TiVo Inc. estimated that Hudgens' solo of "There Are Worse Things I Could Do" was the most replayed scene of the special.

===Accolades===

| Award | Category | Recipient | Result |
| 68th Primetime Creative Arts Emmy Awards | Outstanding Special Class Program | Marc Platt, Thomas Kail, Alex Rudzinski, Adam Siegel, and Greg Sills | Won |
| Outstanding Casting for a Limited Series, Movie, or Special | Bernard Telsey, Tiffany Little Canfield and Justin Huff | Nominated |
| Outstanding Costumes for a Variety, Nonfiction, or Reality Program | William Ivey Long, Paul Spadone, Nanrose Buchman, Gail Fitzgibbons, and Tom Beall | Nominated |
| Outstanding Hairstyling for a Multi-Camera Series or Special | Mary Guerrero, Kimi Messina, Gail Ryan, Jennifer Guerrero, Dean Banowetz, and Lucia Mace | Nominated |
| Outstanding Makeup for a Multi-Camera Series or Special | Zena Shteysel, Angela Moos, Julie Socash, and Alison Gladieux | Nominated |
| Outstanding Production Design for a Variety, Nonfiction, Event, or Award Special | David Korins, Joe Celli, and Jason Howard | Won |
| Outstanding Lighting Design/Lighting Direction for a Variety Special | Al Gurdon, Travis Hagenbuch, Madigan Stehly, Will Gossett, and Ryan Tanker | Won |
| Outstanding Sound Mixing for a Variety Series or Special | Biff Dawes, Eric Johnston, Bob La Masney, Pablo Munguia, Kevin Wapner, John Protzko, John Garlick, and Barrance D. Warrick | Nominated |
| Outstanding Technical Direction, Camerawork, Video Control for a Limited Series, Movie, or Special | Eric Becker, Bert Atkinson, Keith Dicker, Randy Gomez Sr., Nat Havholm, Ron Lehman, Dave Levisohn, Tore Livia, Mike Malone, Adam Margolis, Rob Palmer, Brian Reason, Damien Tuffereau, Easter Xua, Chris Hill, and Matt Pascale | Won |
| 68th Primetime Emmy Awards | Outstanding Directing for a Variety Special | Thomas Kail and Alex Rudzinski | Won |
| 2017 MTV Movie & TV Awards | Best Musical Moment | "You're the One That I Want", Ensemble | Won |

==International broadcasts==
In Canada, Grease Live was aired by CTV, in simulcast with the Fox broadcast.
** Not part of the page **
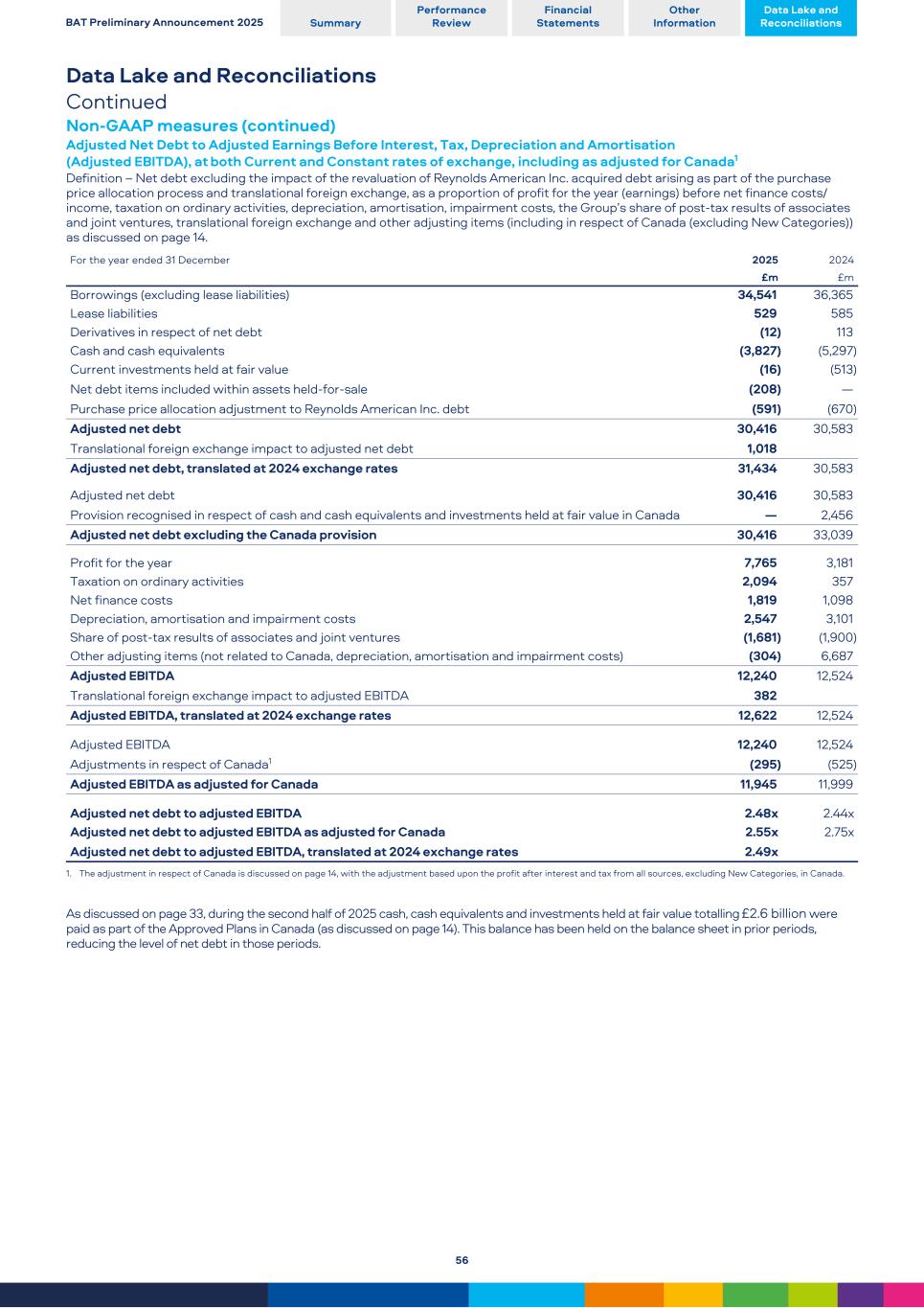 Data Lake and Reconciliations Continued Non-GAAP measures (continued) Adjusted Net Debt to Adjusted Earnings Before Interest, Tax, Depreciation and Amortisation (Adjusted EBITDA), at both Current and Constant rates of exchange, including as adjusted for Canada1 Definition – Net debt excluding the impact of the revaluation of Reynolds American Inc. acquired debt arising as part of the purchase price allocation process and translational foreign exchange, as a proportion of profit for the year (earnings) before net finance costs/ income, taxation on ordinary activities, depreciation, amortisation, impairment costs, the Group’s share of post-tax results of associates and joint ventures, translational foreign exchange and other adjusting items (including in respect of Canada (excluding New Categories)) as discussed on page 14. For the year ended 31 December 2025 2024 £m £m Borrowings (excluding lease liabilities) 34,541 36,365 Lease liabilities 529 585 Derivatives in respect of net debt (12) 113 Cash and cash equivalents (3,827) (5,297) Current investments held at fair value (16) (513) Net debt items included within assets held-for-sale (208) — Purchase price allocation adjustment to Reynolds American Inc. debt (591) (670) Adjusted net debt 30,416 30,583 Translational foreign exchange impact to adjusted net debt 1,018 Adjusted net debt, translated at 2024 exchange rates 31,434 30,583 Adjusted net debt 30,416 30,583 Provision recognised in respect of cash and cash equivalents and investments held at fair value in Canada — 2,456 Adjusted net debt excluding the Canada provision 30,416 33,039 Profit for the year 7,765 3,181 Taxation on ordinary activities 2,094 357 Net finance costs 1,819 1,098 Depreciation, amortisation and impairment costs 2,547 3,101 Share of post-tax results of associates and joint ventures (1,681) (1,900) Other adjusting items (not related to Canada, depreciation, amortisation and impairment costs) (304) 6,687 Adjusted EBITDA 12,240 12,524 Translational foreign exchange impact to adjusted EBITDA 382 Adjusted EBITDA, translated at 2024 exchange rates 12,622 12,524 Adjusted EBITDA 12,240 12,524 Adjustments in respect of Canada1 (295) (525) Adjusted EBITDA as adjusted for Canada 11,945 11,999 Adjusted net debt to adjusted EBITDA 2.48x 2.44x Adjusted net debt to adjusted EBITDA as adjusted for Canada 2.55x 2.75x Adjusted net debt to adjusted EBITDA, translated at 2024 exchange rates 2.49x 1. The adjustment in respect of Canada is discussed on page 14, with the adjustment based upon the profit after interest and tax from all sources, excluding New Categories, in Canada. As discussed on page 33, during the second half of 2025 cash, cash equivalents and investments held at fair value totalling £2.6 billion were paid as part of the Approved Plans in Canada (as discussed on page 14). This balance has been held on the balance sheet in prior periods, reducing the level of net debt in those periods. BAT Preliminary Announcement 2025 Summary Performance Review Financial Statements Other Information Data Lake and Reconciliations 56
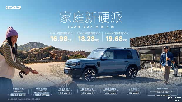 春日购车正当时,iCAR 为家庭用户带来诚意满满的出行选择,旗下 V23、V27 两款 “家庭新硬派” 车型,以硬核产品力搭配专属购车权益,为不同需求的消费者打造高价值购车方案。

The special aired on February 2 in Australia (Nine Network), February 3 in the United Kingdom (ITV2), February 5 in New Zealand (TV3), February 7 in Norway (FEM), February 20 in Denmark (TV2 Fri), and in Italy August 21 (dubbed) (Rai 4). In Latin America, it was broadcast by FOX Family on April 24, 2016, (dubbed). It was broadcast in Sweden by the public service network (SVT1) on June 12, 2016. It was broadcast in The Netherlands by RTL 8 on July 22, 2016. In Singapore, it was broadcast on Mediacorp Channel 5 on Christmas night, December 25, 2016. In France, it was broadcast on 6ter on December 26, 2016.

==Home media==
Grease Live was released on DVD and Digital HD, on March 8, 2016. It was included in the 40th anniversary collection Blu-ray alongside Grease and Grease 2, which was released on April 24, 2018.